Ancak Rusya'nın eli elbette armut devşirmeyecektir.
Filler tepişirken Türkiye'nin alması gereken pozisyon, pragmatik denge politikası olmalı. Milli bağımsızlığını ve fıtratına uygun değerlerini koruyarak tüm taraflarla karşılıklı menfaatlerin kollandığı ticarî ilişkilerini geliştirerek sürdürmek...
2016 biterken…
Tamamlamak üzere olduğumuz bu yıla dair “Dünyada iletişim boyutundaki çarpıcı değişimler nelerdir?”, diye sorulduğunda Marketing Türkiye dergisindeki yazımızın bir bölümünde şunları sıralamıştım:
“1. Putin’in önlenemez yükselişi, 2. Trump’ın ABD Başkanı seçilebilmesi 3. İkinci Dünya Savaşı’nın trajik tecrübesini yaşamış olan Almanya’nın sanki o günlere dönmek istercesine yeşerttiği faşist partisi AfD’nin (Alternative für Deutschland) sıfır noktasından hızla yükselerek rahatlıkla parlamentoya girebilecek oy oranına ulaşması ve Adolf Hitler’in kitabı Mein Kampf’ın yeni baskısının der Spiegel dergisinin en çok satan kitaplar listesinde birinci sıraya oturması…
2016’ya damgasını vuran, insanı hızla yüzeyselliğin derinliğine (!) ve yalnızlığa iten bilgi teknolojileri alanındaki baş döndürücü gelişmeler, çağdaşlığın mı yoksa insanda insanı yitirmenin mi göstergesidir, tartışılır.”
‘Sanayi 4.0’ ve ‘Internet of Things’ (şeylerin interneti) ile yıla damgasını vuran teknolojik dalgalara işaret etmiş ve sıra Türkiye’ye geldiğinde elbette iletişim alanında da hemen dile getirilmesi gereken olayın “15 Temmuz 2016 tarihî direnişi” olduğunu ifade etmiştim.
Savaşlar, terör ve ekonomik dar boğazların Türkiyesi’nde, ülkemizin ‘yönetilemez bir ülke’ olduğu küresel yalanını boşa çıkartacak her adımın cesaretle atılmaya çalışıldığı bir yılı ardımızda bırakıyoruz.
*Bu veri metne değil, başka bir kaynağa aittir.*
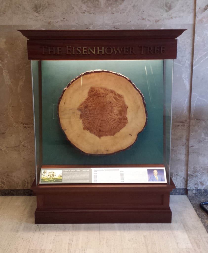 THE EISENHOWER TREE was a loblolly pine located on the 17th hole of Augusta National Golf Club. It was more than 120 years old and stood 65’ high. In the 1950’s it was named after US President Dwight D Eisenhower who in 1956 unsuccessfully lobbied to have it taken down because it interfered with his golf game. Chairman Clifford Roberts denied his request and the tree remained until February of 2014 when it was removed due to damage caused by a major ice storm. A cross-section of the tree was preserved and is on display at the Eisenhower Museum in Abilene KS. A similar cross-section remains at Augusta. Its size, history, and location on a prominent golf course, made it one of the most famous trees in American golf.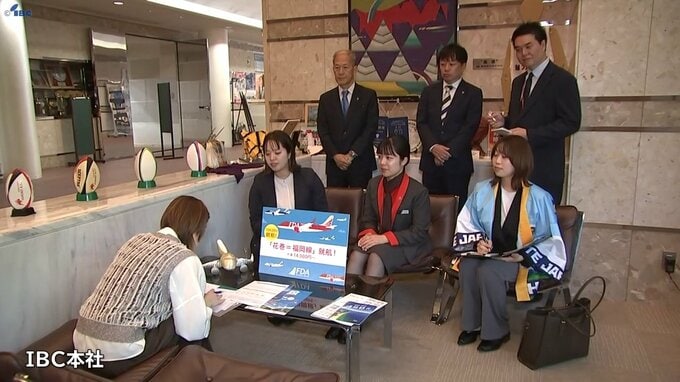 いわて花巻空港と福岡空港をつなぐ路線が10月に新たに就航するのを前に、2日関係者がIBCを訪れ路線をPRしました。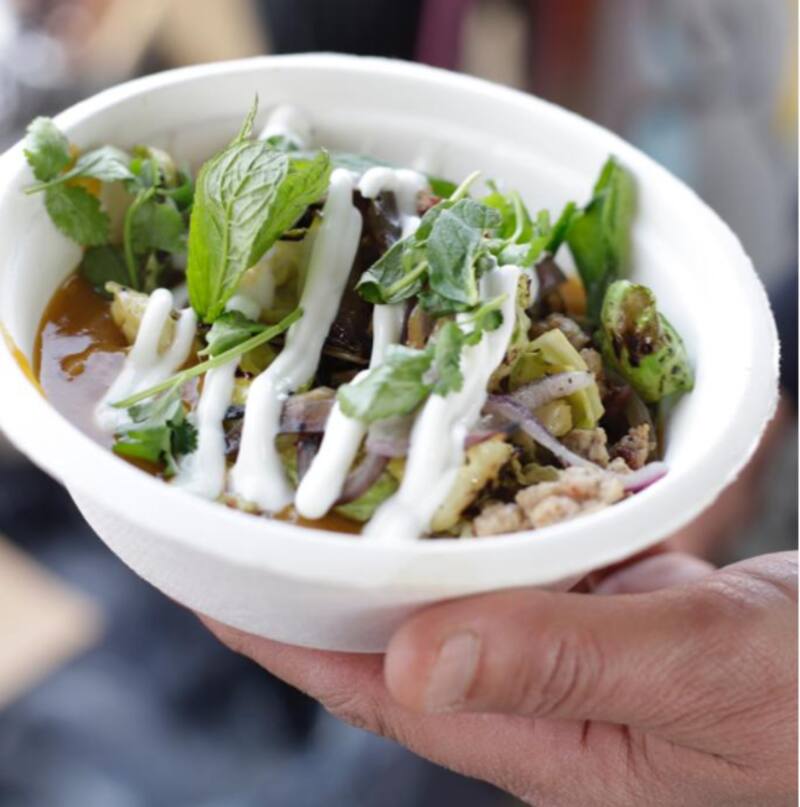 NEM SÁI GÓN: roll frito de papel de arroz, relleno de cerdo, hongos shitake, fideos celofán y vegetales. Acompañado de lechuga, menta, albahaca y cilantro $100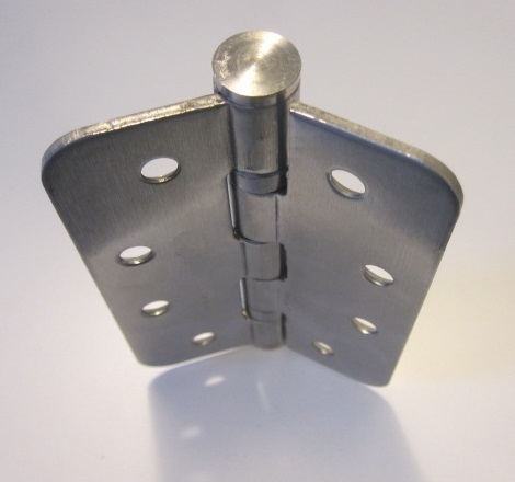 Double wing metal hinge of 2 mm thickness, made of stainless steel (class 304), weight 150 g. It can support loads up to a maximum of 30 kg (can be used in pairs, reference to two-leaf doors).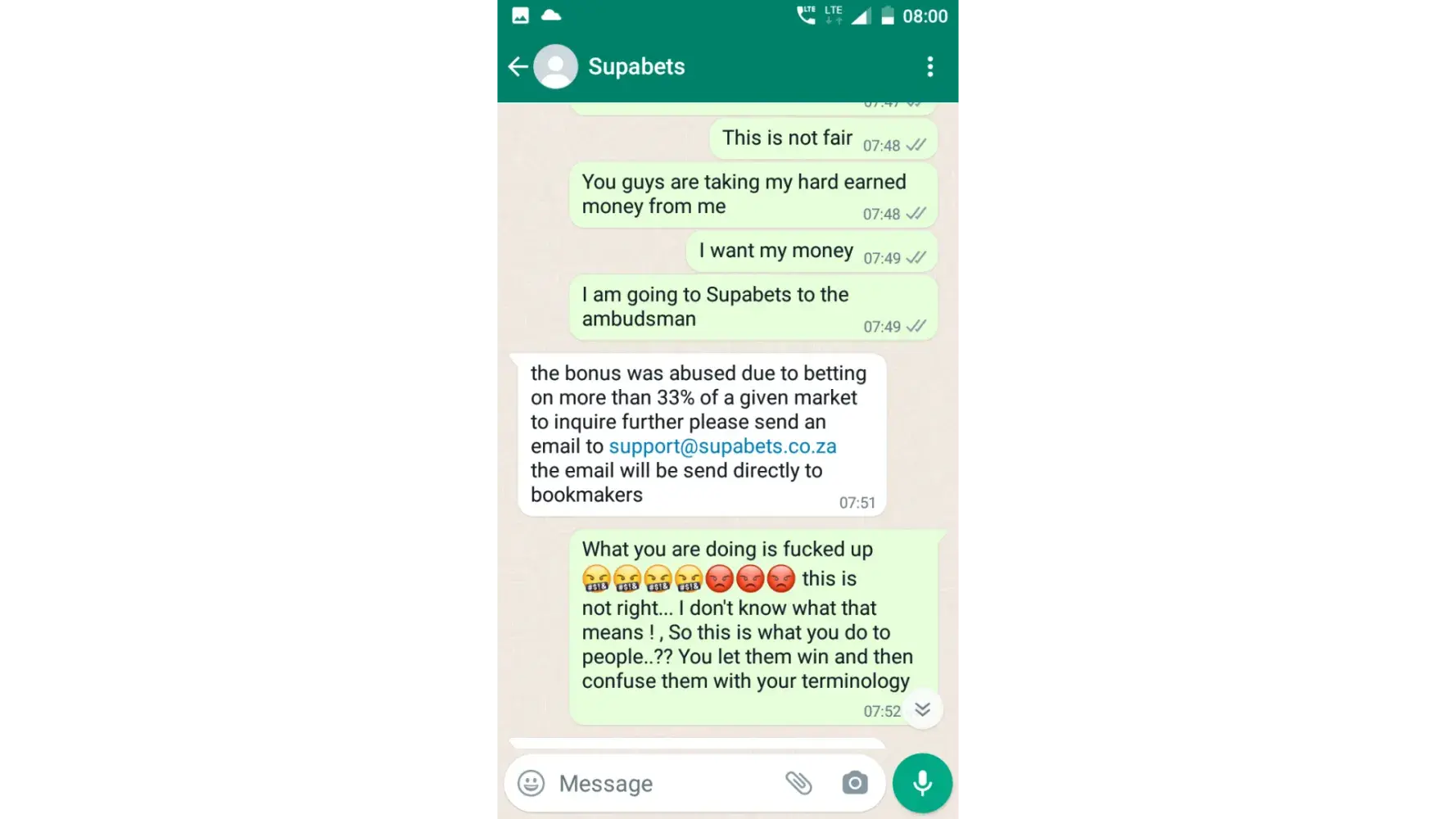I have been scammed by Supabets betting, I withdrew an amount of R300 from my account which I won fair and reasonable... And now when I am supposed to get my money I am told that I abused the deposit bonus that Supabets gives out to it's new clients I deposited my hard earned into the account and received a deposit bonus... And then won from my deposit. And now when I'm supposed to receive my money/payment they come up with stories and absurd reasons not to pay. I am upset and very heart broken with Supabets... What they did to me is wrong and unfair.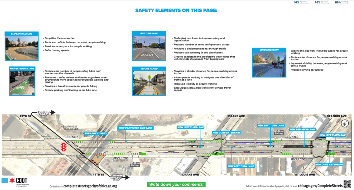 Archer Avenue would also get new left turns as part of a four-to-three converstion “road diet”, which CDOT notes will “keep traffic on the street flowing and… stop [drivers] from weaving in and out of [two lanes going the same direction.]” In addition, Archer would get slip lane closures at 47th and 28th streets, which would help prevent motorists from dangerously whipping around corners at high speeds.

Doların ateşiyle de yanmamak için ne gerekiyorsa yapmak, reform paketlerini gündeme almak, güneydoğu’daki PKK terörünün ve aynı örgütün Suriye içindeki tuzaklarını Fırat Kalkanı Harekatı’yla önlemek, yanı sıra ufkumuzu görmemizi de sağlayan kalkınma hamlelerini birbiri ardı sıra gerçekleştirmek… Ve yanı sıra dünyayı takip etmekten, Orta Doğu’da olup bitenleri kavrayamamış algısını kabullenmeyi göze alırcasına, “Ne işimiz var Suriye’de?” diye takılmış plak gibi soran bir muhalefete yanıt yetiştirmek…
Derin Ekonomi dergisi için yazdığım yazıda belirttiğim gibi 2016 Türkiyesi’ne genel bir bakış söz konusu olduğunda aklıma Bezcizade Muhyiddin Muhammed’in mısraları geliyor. Ruhi Su’nun davudi sesiyle birlikte:
“Zahid bizi tan eyleme / Hak ismin okur dilimiz /Sakın efsane söyleme / Hazret’e varır yolumuz,
Sayılmayız parmağ ile / Tükenmeyiz kırmağ ile /Taşramızdan sormağ ile / Kimse bilmez ahvalimiz,
Erenler yolun güderiz / Çekilip Hakk’a gideriz /Gaza-yı ekber ederiz”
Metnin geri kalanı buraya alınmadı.